RX/TX usage with the flag while doing PP

So PP t/s go from 66 t/s to 26 t/s

No flag:

prompt eval time =   35950.29 ms /  3218 tokens (   11.17 ms per token,    89.51 tokens per second)
       eval time =   44338.15 ms /   380 tokens (  116.68 ms per token,     8.57 tokens per second)

Flag:

prompt eval time =  122421.67 ms /  3218 tokens (   38.04 ms per token,    26.29 tokens per second)
       eval time =   49715.68 ms /   440 tokens (  112.99 ms per token,     8.85 tokens per second)

Maybe there is an incompatible flag I'm using?

hjc4869 · 2025-05-09T18:54:08Z

Using the flag should place way more load on the CPU, and whether that's beneficial at all should be highly specific to model offload params and hardware config.

For now I personally only tested llama 4 and qwen 3 with a relatively performant CPU (7970X) and a single relatively weak GPU (W7900), with a simple exps=CPU ot config, so YMMV. There's already a huge variance in terms of perf uplift in the 2 models I tested.

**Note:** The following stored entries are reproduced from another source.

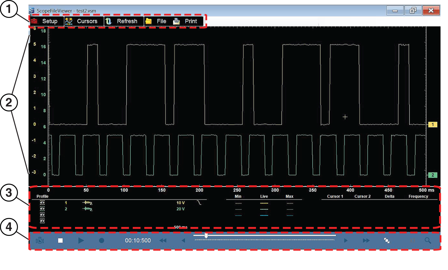 Many of the navigation features are similar to those used in the operation of the Scope / Multimeter, see Record/Playback Control Toolbar. Some Scope File Viewer icons may not be available or grayed out, this is normal as those features are only applicable when viewing live trace signals.
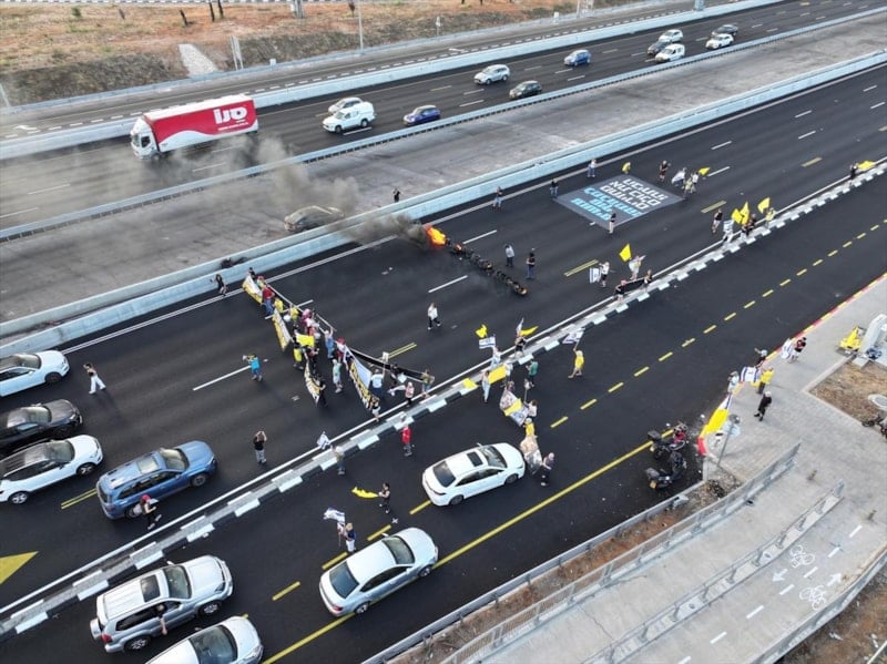 İsrailliler, Tel Aviv’deki bazı ana yolları kapatarak Gazze’de tutulan İsraillilerin geri getirilmesi için protesto gösterisi düzenledi.
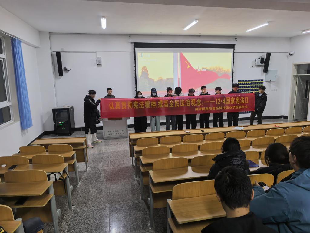 2025年12月4日是我国第十二个国家宪法日,食药学院团总支组织2025级学生开展“认真贯彻宪法精神,提高全民法治观念”主题班会,通过沉浸式学习让宪法知识入脑入心,切实筑牢学生法治信仰。
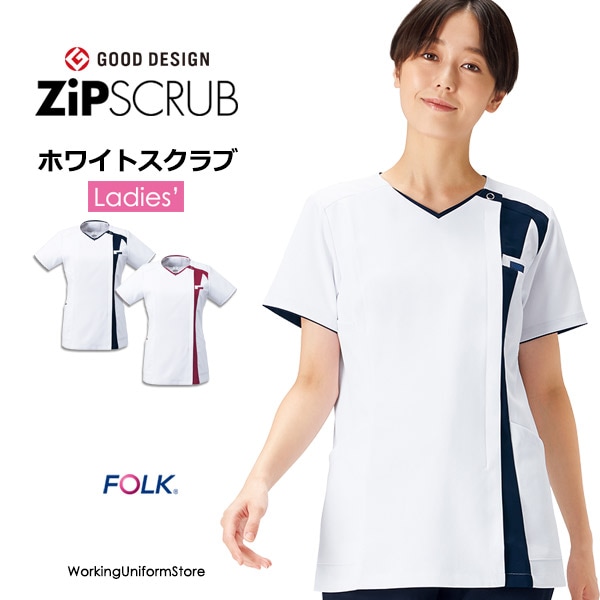 医療 白衣 レディースジップスクラブ 7048SC イリアスマスト フォークFOLK
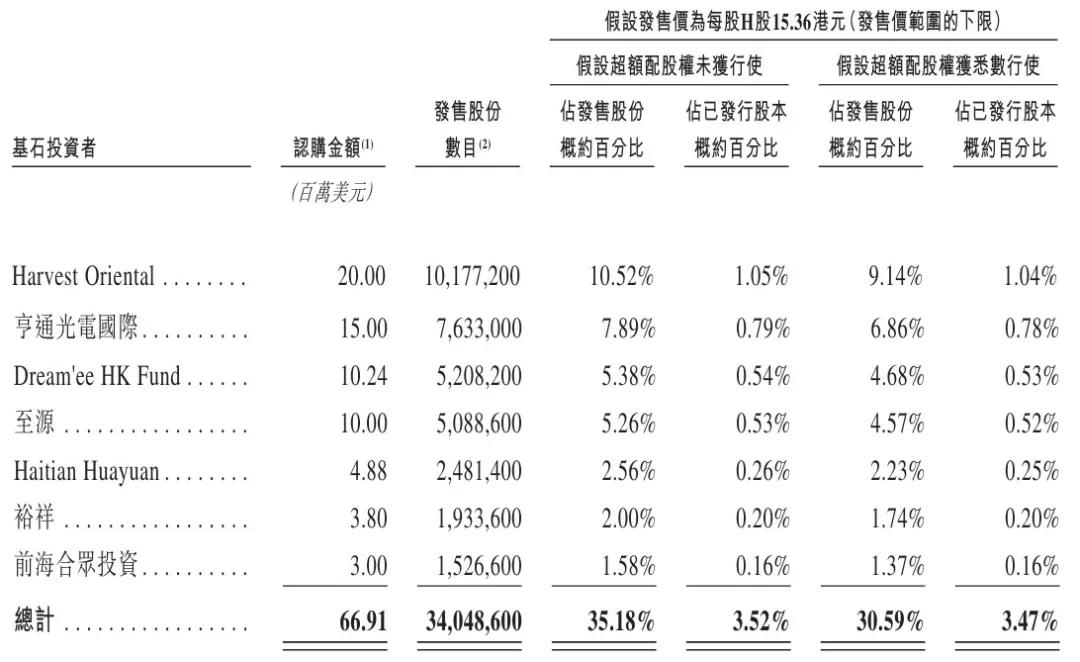 埃斯顿基石投资者分别为Harvest Oriental、亨通光电国际、Dream'ee HK Fund、至源、Haitian Huayuan、裕祥、前海合众投资,一共认购6691万美元。
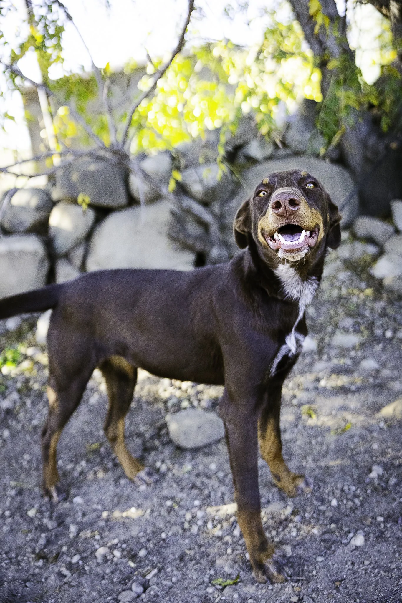 Nikkie came to us from a central valley animal shelter at 4 months.  She is now 9 months old and still waiting to be adopted.  We believe Nikkie is probably half Doberman; the other half is unknown...perhaps some Shepherd?  She's the size of a Dobie, and she is a pup that can hold her own with other dogs larger and tougher than she is, so she would likely be a good companion for another dog that enjoys a rough-and-tumble playstyle.  Nikkie is "too much dog" for small kids or elderly folks.
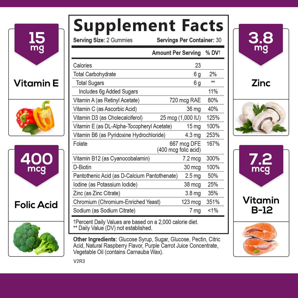 Adult Multivitamin Gummies Extra Strength Immune Support - Natural Complete Daily Gummy Vitamin Supplement - Vegetarian Multi with Vitamins A, C, E, B6, B12 for Men and Women, Non-GmoSupplement Facts (per 2 Gummies):Vitamin A (Retinyl Acetate): 243 iuVita C (Ascorbic Acid): 36 mgVitamin D3 (Cholecalciferol): 1000 iuVitamin E (Dl Alpha Tocopheryl Acetate): 15 mgVitamin B6 (as PyridoxineHydrochloride): 4.3 mcgVitamin B12(Cyanocobalamin): 7.2 mcgFolate: 400 mcgBiotin: 30 mcgPanthothenic Acid: 2.5 mgZinc: 2.2 mgIodine: 38 mcgZinc: 3.8 mgChromium: 123 mcgOther Ingredients: Glucose Syrup, Sugar, Glucose, Pectin, Citric Acid, Sodium Citrate, Natural Raspberry Flavor, Vegetable Oil (contains Carnauba Wax), Purple Carrot Juice Concentrate.Each batch is proudly manufactured and bottled in a facility following strict cGmp guidelines. For quality assurance, it is third party tested for purity and quality by an experienced dietary supplement laboratory.
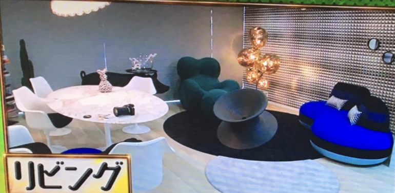 新居に足を踏み入れた番組スタッフは、「うわ!なんですかこのお部屋!」とそのゴージャスさに圧倒。本当にマンションなのかと疑うほどの豪華な内装。3LDKの間取りで、珍しい形の椅子や、プロジェクター付きの照明、85万円のオブジェ風の間接照明など、高級ホテルの一室のようなインテリアが…
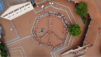 Den krönenden Abschluss dieses gelungenen Tages bildete ein „Zeichen des Friedens“, bei dem die Schülerschaft ein überdimensionales Peace-Zeichen auf dem Pausenhof nachstellte. Vor allem aus der Vogelperspektive war dies, ebenso wie die Friedenskette, ein beeindruckendes Statement. Um dieses auch in die Welt hinauszuschicken, ließen einige Schüler zu den Klängen von Udo Lindenbergs „Wir ziehen in den Frieden“ weiße Ballons als Friedensboten in den Himmel steigen.
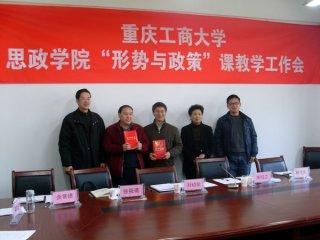 学校党委高度重视“形势与政策”课的建设工作,严格按照教育部社科司、重庆市教委有关文件精神实施对大学生的形势与政策教育。为更好地总结教学经验,建设好“形势与政策”这门校级重点课程,12月17日下午,思政学院在慧智楼91210会议室召开了2010年度“形势与政策”课教学工作会。校党委副书记朱伯兰教授出席会议并作重要讲话,评估办主任刘幼昕、副主任杨代贵、宣传部部长肖应红、学工部副部长张筱璐、思政学院党总支书记陈松、院长余常德、副院长周顺文及全体“形势与政策”课专兼职教师出席会议。会议由思政学院党总支书记陈松教授主持。
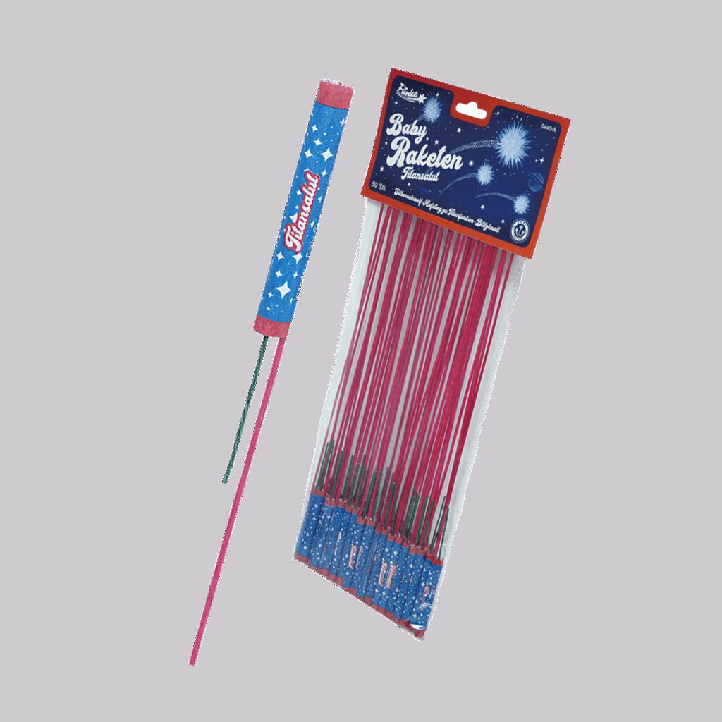 n nBabyraketten met een zilveren staart die opstijgt naar een titanium flash bang.nDit product is verboden in Nederland. n n
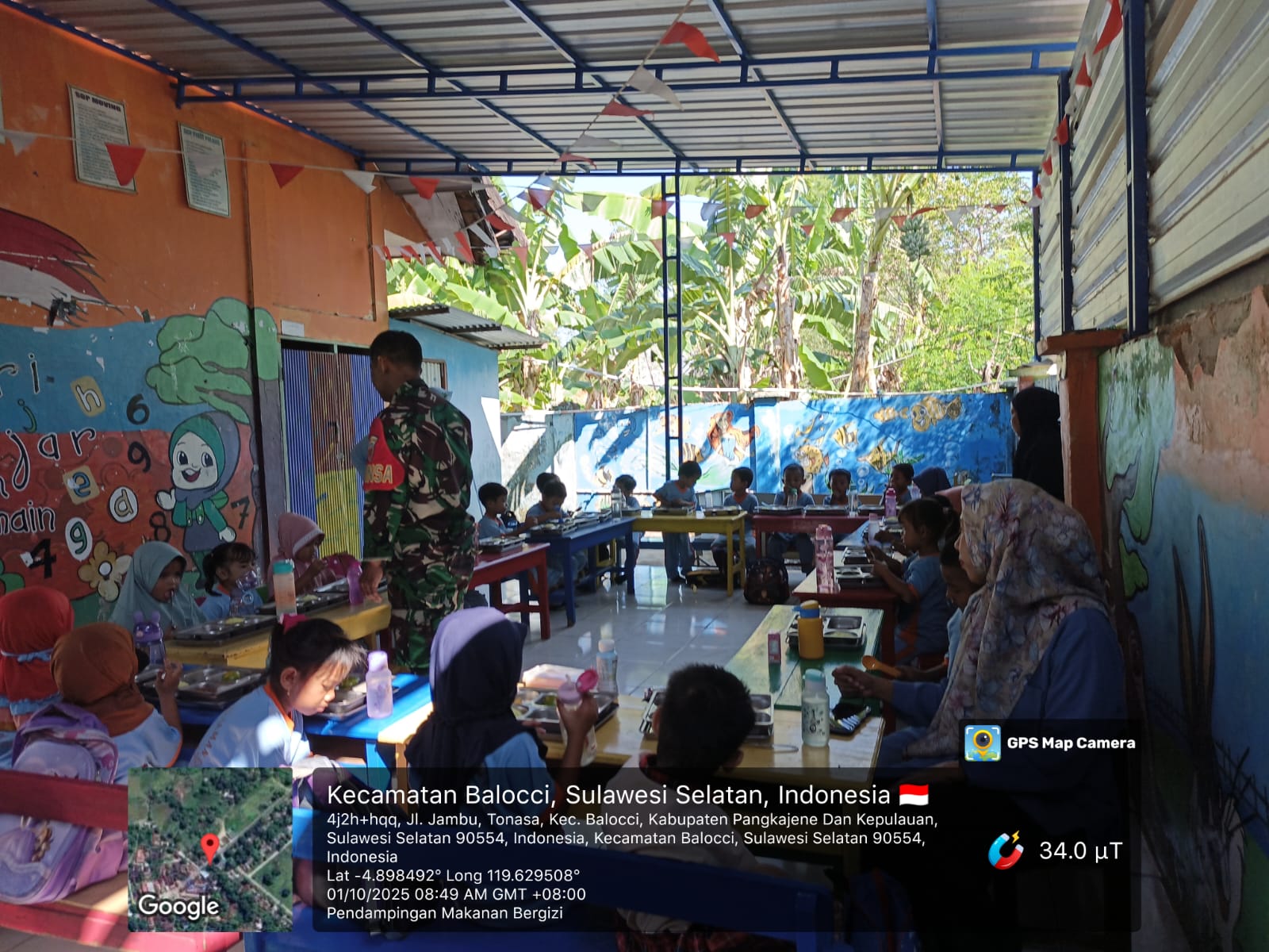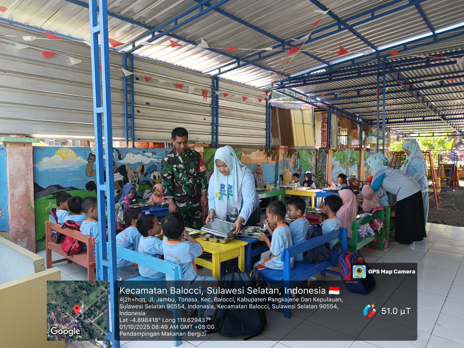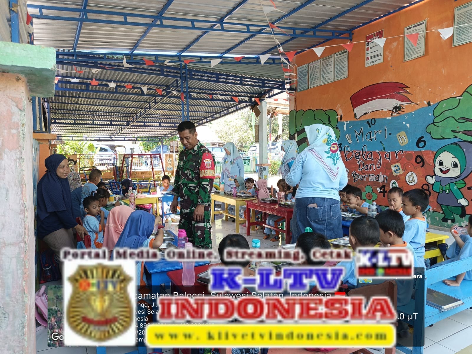 klivetvindonesia.com,Pangkep – Program Makan Bergizi Gratis (MBG) yang digagas pemerintah terus mendapat dukungan penuh di berbagai daerah, termasuk di Kabupaten Pangkep. Pada Rabu, 1 Oktober 2025, Babinsa Kelurahan Tonasa, Serda Suhardi, melaksanakan kegiatan pendampingan makan bergizi bagi siswa-siswi PAUD/KB Nurul Jaman Majennang yang berlokasi di Kelurahan Tonasa, Kecamatan Balocci, Kabupaten Pangkep.
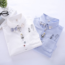 长袖衬衫女春季新款刺绣小清新学院风学生百搭翻领白衬衣上衣修身
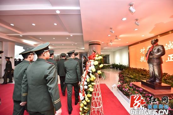 向毛泽东同志铜像敬献花篮

./build/bin/llama-bench -m ~/models/llama4-400b-hybrid-q8_0-q4_0.gguf -ngl 999 -fa 1 -ctk q8_0 -ctv q8_0 -ot 'exps=CPU' -mmp 0 --disable-op-offload 1,0 -n 0
ggml_cuda_init: GGML_CUDA_FORCE_MMQ: no
ggml_cuda_init: GGML_CUDA_FORCE_CUBLAS: no
ggml_cuda_init: found 1 ROCm devices:
Device 0: AMD Radeon PRO W7900 Dual Slot , gfx1100 (0x1100), VMM: no, Wave Size: 32

model	size	params	backend	ngl	type_k	type_v	fa	ot	mmap	dopo	test	t/s
llama4 17Bx128E (Maverick) Q8_0	216.56 GiB	400.71 B	ROCm,RPC	999	q8_0	q8_0	1	exps=CPU	0	1	pp512	232.02 ± 1.04
llama4 17Bx128E (Maverick) Q8_0	216.56 GiB	400.71 B	ROCm,RPC	999	q8_0	q8_0	1	exps=CPU	0	0	pp512	27.44 ± 0.04

./build/bin/llama-bench -m ~/models/qwen3-235b-a22b-q8_0-q4_0-hybrid.gguf -ngl 999 -fa 1 -ctk q8_0 -ctv q8_0 -ot 'exps=CPU' -mmp 0 --disable-op-offload 1,0 -n 0
ggml_cuda_init: GGML_CUDA_FORCE_MMQ: no
ggml_cuda_init: GGML_CUDA_FORCE_CUBLAS: no
ggml_cuda_init: found 1 ROCm devices:
Device 0: AMD Radeon PRO W7900 Dual Slot , gfx1100 (0x1100), VMM: no, Wave Size: 32

model	size	params	backend	ngl	type_k	type_v	fa	ot	mmap	dopo	test	t/s
qwen3moe 235B.A22B Q8_0	127.02 GiB	235.09 B	ROCm,RPC	999	q8_0	q8_0	1	exps=CPU	0	1	pp512	61.27 ± 0.13
qwen3moe 235B.A22B Q8_0	127.02 GiB	235.09 B	ROCm,RPC	999	q8_0	q8_0	1	exps=CPU	0	0	pp512	43.00 ± 0.09

Panchovix · 2025-05-09T18:56:25Z

Ah then that could be the reason then. I have 192GB RAM on a Ryzen 7 7800X3D, which is a consumer CPU so it is pretty weak for these tasks.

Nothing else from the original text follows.